Was zur raschen Ausbreitung des Christentums im Fernbereich führte, die Koine, mag im Nahbereich für die sehr zähe und schleppende Verbreitung mitverantwortlich gewesen sein. Nur selten gelang es, die Brücke zur Landessprache zu schlagen. Irenäus v. Lyon berichtet aus dem Ende des 2. Jh. noch um seine Bemühungen um das Keltische, wobei unbekannt ist, ob er Erfolg hatte. In Syrien allerdings hatte es allerdings bald eine Übersetzung der 4 Evangelien ins Altsyrische gegeben und bald darauf eine Harmonie des Tatian. In diesen Zeitraum fallen auch die ersten altlateinischen Übersetzungen aus Nordafrica. Augustin klagt noch im 4. Jh. darüber, wie die Doppelsprachlichkeit Punisch/Lateinisch die Predigt lähmt. Zu dieser Zeit kann man auch für Rom Griechisch als Liturgiesprache und Latein als Predigtsprache beobachten. In Spanien bemühte man sich erst gar nicht um die iberischen Sprachen. Dafür aber kam sehr früh das Koptische/Sahidische in Ägypten ins Spiel, worin erst die Evangelien übersetzt wurden und später eine nicht unbedeutende Literatur entstand. Man achtete sogar auf die Dialekte (sahidisch = Oberägypten, bohairisch = Unterägypten)

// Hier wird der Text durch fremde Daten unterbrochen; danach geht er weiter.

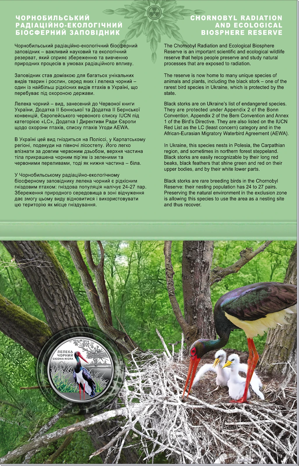Памятная монета посвящена редкой птице, которая стала одним из своеобразных символов возрождения жизни в Чернобыльской зоне – аист черном. 30-километровая зона отчуждения и зона безусловного отселения, на территории которых с 26 апреля 2016 размещен Чернобыльский радиационно-экологический биосферный заповедник, превратились в своеобразный резерват для размножения не только типичных, но и редких краснокнижных представителей животного и растительного мира, среди которых и черный. Благодаря сохранению среды в Чернобыльской зоне, популяция птицы растет. Это свидетельствует о возобновлении экосистемы региона, о том, что заповедник становится очагом биоразнообразия даже в условиях радиационного загрязнения.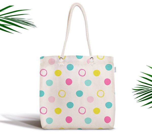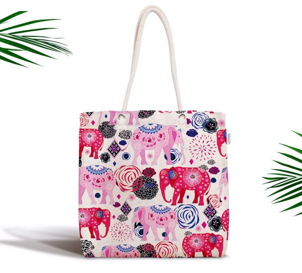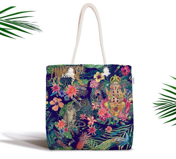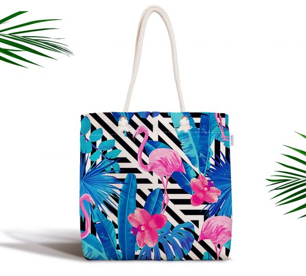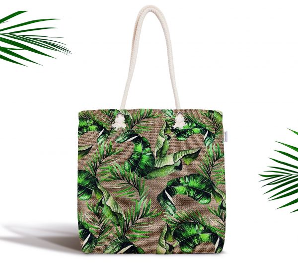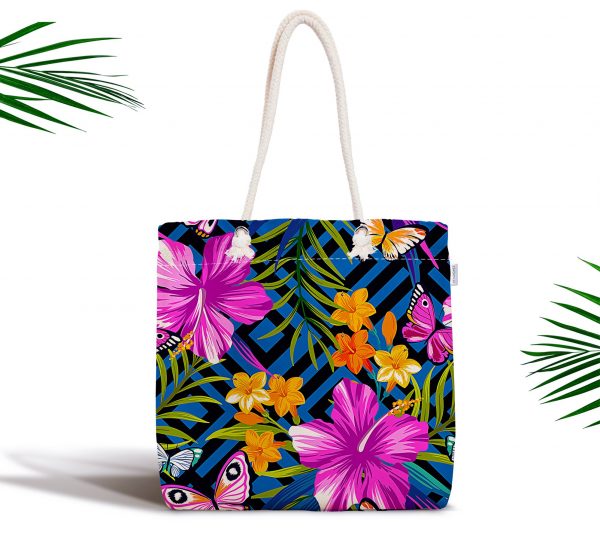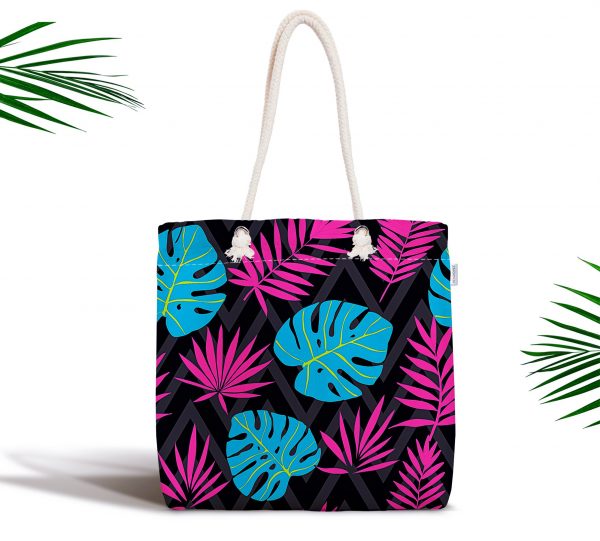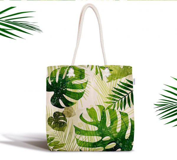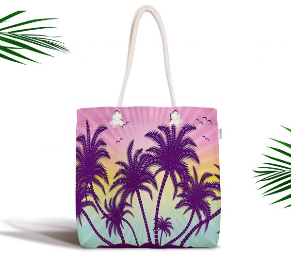 Renkli Zeminde Palmiye Motifli Dijital Baskılı Modern Plaj Çantası
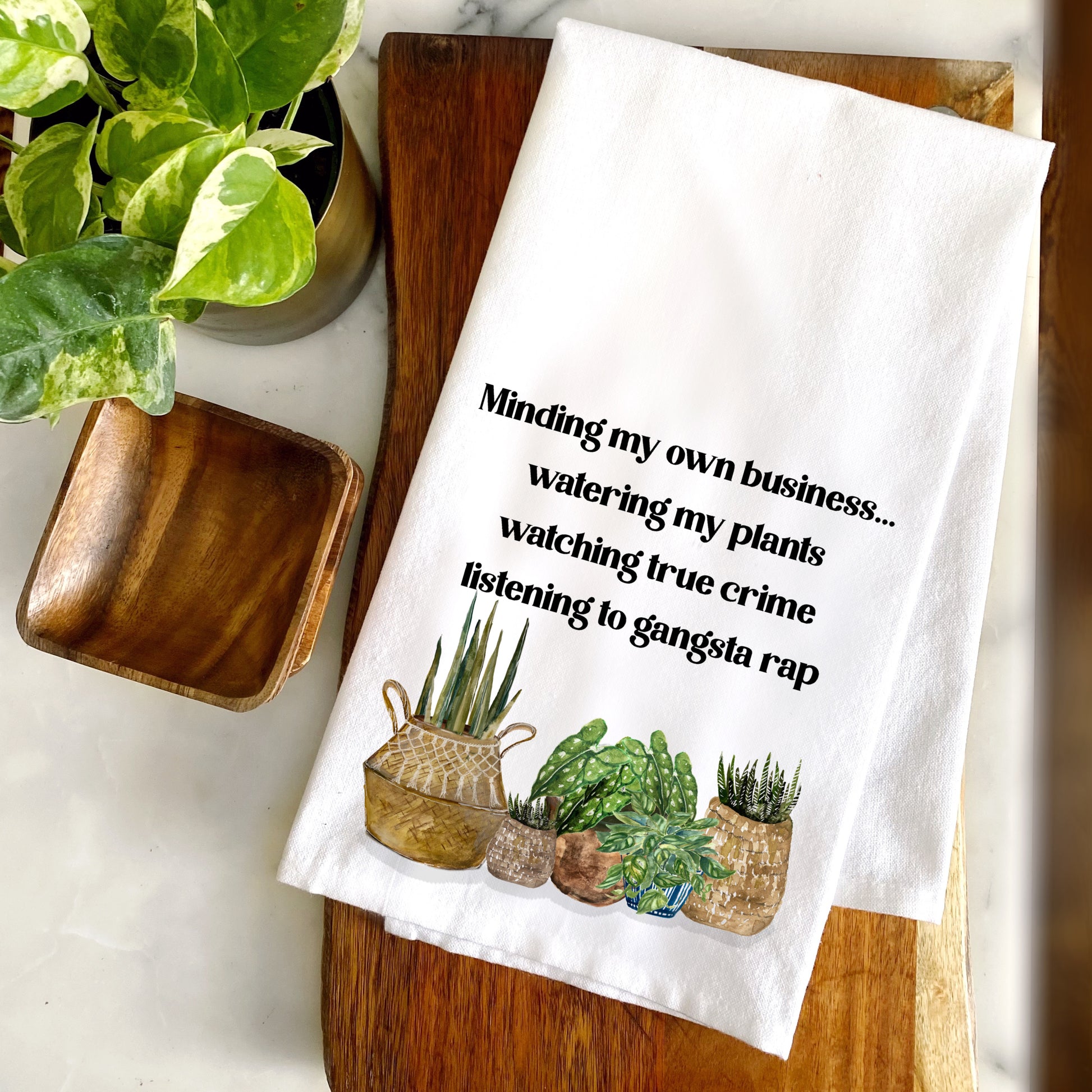 This cute cotton tea towel says "Minding my own business...watering my plants watching true crime listening to gangsta rap" surrounded by plants is a fun accent or perfect gift. Features art with plants in boho baskets such as sanseveria and aloe.

In den ländlichen Gebieten stand einer Missionierung der bäuerliche Konservativismus, die weitverzweigte familiäre Vernetzung mit ihrer sozialen Kontrolle im Alltagsleben, das örtliche im Magischen verankerte Brauchtum entgegen. Erst das nachkonstantinische Christentum begann da mit Ersatz-Angeboten.
Damit ende ich zunächst mal meinen Beitrag, der das starke und langanhaltende Stadt-Land-Gefälle in der Ausbreitung des Christenums zum Gegenstand hatte.